## PROBLEM REQUIREMENTS
The expected output is exactly the lines below, starting at the line with "この計算方法では、層間変形や" and ending at the line with "순수 양모 자동차 핸들", both included; no other line belongs in it.

Source data
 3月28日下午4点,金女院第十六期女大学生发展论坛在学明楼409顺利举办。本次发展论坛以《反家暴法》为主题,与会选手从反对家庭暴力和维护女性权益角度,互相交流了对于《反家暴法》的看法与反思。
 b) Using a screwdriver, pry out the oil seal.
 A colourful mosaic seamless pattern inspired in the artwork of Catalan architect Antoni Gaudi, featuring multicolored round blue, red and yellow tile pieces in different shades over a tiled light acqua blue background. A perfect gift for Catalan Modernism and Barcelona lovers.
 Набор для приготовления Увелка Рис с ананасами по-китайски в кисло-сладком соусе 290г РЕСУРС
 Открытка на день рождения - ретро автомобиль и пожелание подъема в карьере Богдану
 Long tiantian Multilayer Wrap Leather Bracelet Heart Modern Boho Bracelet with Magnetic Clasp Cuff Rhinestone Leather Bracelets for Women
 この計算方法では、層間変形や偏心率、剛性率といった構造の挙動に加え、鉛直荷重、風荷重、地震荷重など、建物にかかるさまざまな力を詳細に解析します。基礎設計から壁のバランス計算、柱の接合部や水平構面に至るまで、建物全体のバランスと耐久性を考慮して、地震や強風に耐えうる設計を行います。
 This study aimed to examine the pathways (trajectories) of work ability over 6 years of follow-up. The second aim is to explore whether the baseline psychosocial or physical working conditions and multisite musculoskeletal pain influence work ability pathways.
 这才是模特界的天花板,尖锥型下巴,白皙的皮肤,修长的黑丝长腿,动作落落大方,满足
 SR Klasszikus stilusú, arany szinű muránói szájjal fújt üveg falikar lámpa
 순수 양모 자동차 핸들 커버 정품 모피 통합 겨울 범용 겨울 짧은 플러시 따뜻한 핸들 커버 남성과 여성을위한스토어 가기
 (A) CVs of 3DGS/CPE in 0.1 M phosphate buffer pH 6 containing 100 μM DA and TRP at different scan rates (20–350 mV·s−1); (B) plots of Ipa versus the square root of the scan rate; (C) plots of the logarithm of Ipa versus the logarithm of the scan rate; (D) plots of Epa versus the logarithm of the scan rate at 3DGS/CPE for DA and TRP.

## OUTPUT OF THE TASK
 この計算方法では、層間変形や偏心率、剛性率といった構造の挙動に加え、鉛直荷重、風荷重、地震荷重など、建物にかかるさまざまな力を詳細に解析します。基礎設計から壁のバランス計算、柱の接合部や水平構面に至るまで、建物全体のバランスと耐久性を考慮して、地震や強風に耐えうる設計を行います。
 This study aimed to examine the pathways (trajectories) of work ability over 6 years of follow-up. The second aim is to explore whether the baseline psychosocial or physical working conditions and multisite musculoskeletal pain influence work ability pathways.
 这才是模特界的天花板,尖锥型下巴,白皙的皮肤,修长的黑丝长腿,动作落落大方,满足
 SR Klasszikus stilusú, arany szinű muránói szájjal fújt üveg falikar lámpa
 순수 양모 자동차 핸들 커버 정품 모피 통합 겨울 범용 겨울 짧은 플러시 따뜻한 핸들 커버 남성과 여성을위한스토어 가기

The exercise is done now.